A recent public consultation on Canada’s central bank digital currency (CBDC) initiative revealed an overall negative sentiment from Canadians, confirming the Bank of Canada’s concerns around its country-wide adoption.
Through the “Digital Canadian Dollar Public Consultation Report,” the Canadian central bank intended to identify a place for CBDCs in a world dominated by digital fiat payments and credit cards. However, in a survey that amassed 89,423 responses, Canadians demanded regulations requiring merchants to accept cash as payment.
The Bank of Canada’s report shows that nearly 95% of the respondents either heard or were familiar with the concept of a digital Canadian dollar. While awareness is one of the key factors for widespread adoption, the metric doesn’t hold for Canada.

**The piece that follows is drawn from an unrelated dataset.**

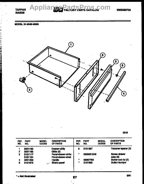Parts for Frigidaire 31-2549-00-03: 05 - Drawer Parts
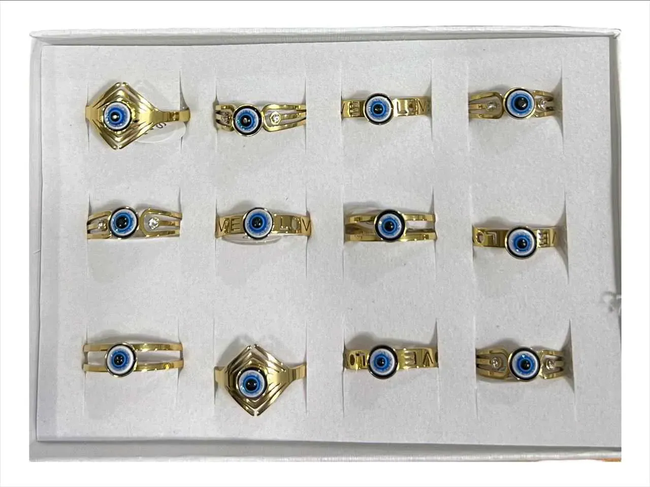 Docena (12 unidades) de anilllos dorados inoxidables con ojo turco azul de cristal ( diferentes diseños/ medidas surtidas ) en 12.40 USD

Of the respondents, 93% primarily make paper cash payments daily but also use credit and debit cards and other modes of online payments. In addition, just 15% of the respondents held Bitcoin (BTC) and other cryptocurrencies.
Related: Canadian regulator seeks feedback on crypto asset exposure disclosure requirements
Most respondents advised the Bank of Canada to stop researching and building the capability to issue a digital Canadian dollar. However, the public believes their feedback will not be considered for the CBDC initiative.
Nearly all respondents preferred using existing forms of payment over a CBDC. Surprisingly, people who were aware of CBDCs were more reluctant to adopt the technology when compared with those who didn’t know about it.
Additionally, the small demographic of respondents who previously held crypto showed more interest in using CBDCs.